We can get the fluid density from: www.sengpielaudio.com/calculator-airpressure.htm 

There are other places on the internet to get other fluid densities. So, for air at sea level at 15C we have a density of 1.23 kg/m3.

There's a handy calculator to convert RPM to radians / second (angular velocity in SI) at:
http://www.processassociates.com/process/convert/cf_vea.htm  (yes, I'm lazy.)

So, 10000 RPM is 1047 rad/s

And lastly we convert 10" and 3" (where our inner exhaust/fluid entrance is in the disk pack) to meters:
10" = 0.254m
3" = 0.0762m

So, our formula becomes:

P2 - P1 = (1.23 * 1047 ^ 2) / 2 * (0.254 ^ 2 - 0.0762 ^ 2)
P2 - P1 = 674168 * 0.0587
P2 - P1 = 39573 Pa

So we have a pressure change of about 39kPa, which is 5.6psi.

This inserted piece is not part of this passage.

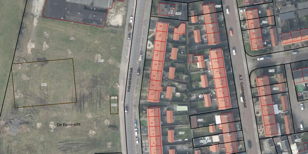 Het perceel waarop Industriestraat 18 staat heeft een oppervlakte van 5817 m². Dit is een zeer groot perceel. De perceeloppervlakte wordt geregistreerd door het Kadaster. Gedetailleerde informatie over de maten van dit perceel kunt u vinden in het rapport Kadastrale kaart met maatvoering van Industriestraat 18.

If we compare this to the results in Dr. Rice's article in the 1963 "Journal of Engineering for Power" (for verification), we see that he attained an output pressure of 28 in of water at 10,000 rpm with a similar turbine arranged as a blower. This is about 1psi. However he states in his paper that it was a very crude design so I am not too surprised as we are calculating the theoretical maximum. What this tells me is that his compressor was operating at approximately 20% efficiency (and he in fact mentions 20% efficiency relating to another compressor he built).

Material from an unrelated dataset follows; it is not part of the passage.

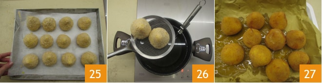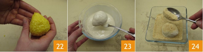 und die Spitze formen, so ist der erste bereit 22. Machen Sie so mit den anderen weiter und tauchen Sie dann jeden einzeln in den Teig 23. Dann abtropfen lassen und in Paniermehl wälzen 24.
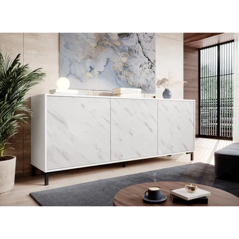 Oplev den elegante MARMO KOM 200/3D hvid kommode, der forener stil og funktionalitet. Med dimensionerne Højde: 80,5 cm, Bredde: 200 cm, Dybde: 45 cm, passer denne kommode perfekt ind i ethvert rum. Lavet af lamineret spånplade med en marmorimitation, udstråler den luksus og holdbarhed. Kommodens ABS-kanter og plastikben sikrer langvarig brug, mens PUSH-CLICK håndtagssystemet gør åbning og lukning nem og praktisk.

What it also tells us however, is that putting 100psi into the inlet of a 10" turbine and expecting it to auto regulate is ridiculous. We should be putting roughly 5psi in, probably with high flow. We know that the extra energy added will be dissipated across the disks and be made available as power, so with 5psi it should hover around roughly 10000 rpm (depending on the efficiency) and should auto regulate.

If we want to run at these much higher pressures, you can change many aspects of the turbine:

- If you change your working fluid you can get much higher pressures at much lower speeds. Water, for example, has a density of 1000kg/m3, so that would immediately boost our output pressure.
- If you vary the rotational speed it will vary the pressure at a rate of ^ 2 / 2. This is good but we all know the engineering tradeoffs associated with high RPM.
- We can increase the size of the disks and get a ^2 increase in pressure.

Of all of these, the last one seems to be the easiest. For example, a 24" turbine spinning at 10,000 rpm with a 3" input:

P2 - P1 = (1.23 * 1047 ^ 2) / 2 * (0.610 ^ 2 - 0.0762 ^ 2)
P2 - P1 = 674168 * 0.366
P2 - P1 = 246kPa

Which is about 36psi.

If you wanted to make a gas fired turbine, you'd have to know the density of the hot gasses that you are putting through it.

I do think that water would be an excellent way to test and demonstrate the Tesla turbine. It may also produce good results if used in a turbine because of the density.

For example, a 10" turbine at 3600rpm would produce a pressure change of:

P2 - P1 = (1000 * 377 ^ 2) / 2 * (0.254 ^ 2 - 0.0762 ^ 2)
P2 - P1 = 71064500 * 0.0587
P2 - P1 = 4171486Pa = 4.1MPa = 594psi

So obviously that works very well. I think this turbine would certainly auto regulate itself and would probably be too big for most applications where you only have a few PSI of head. You could get away with a much smaller turbine.

If you relate this to water pumps, we know from experience that a small centrifugal pump like the one used for home wells is usually 5" in diameter, spins at 1750rpm, and can easily produce 50+psi of water pressure (before it cuts out). It is easy to see why given these numbers.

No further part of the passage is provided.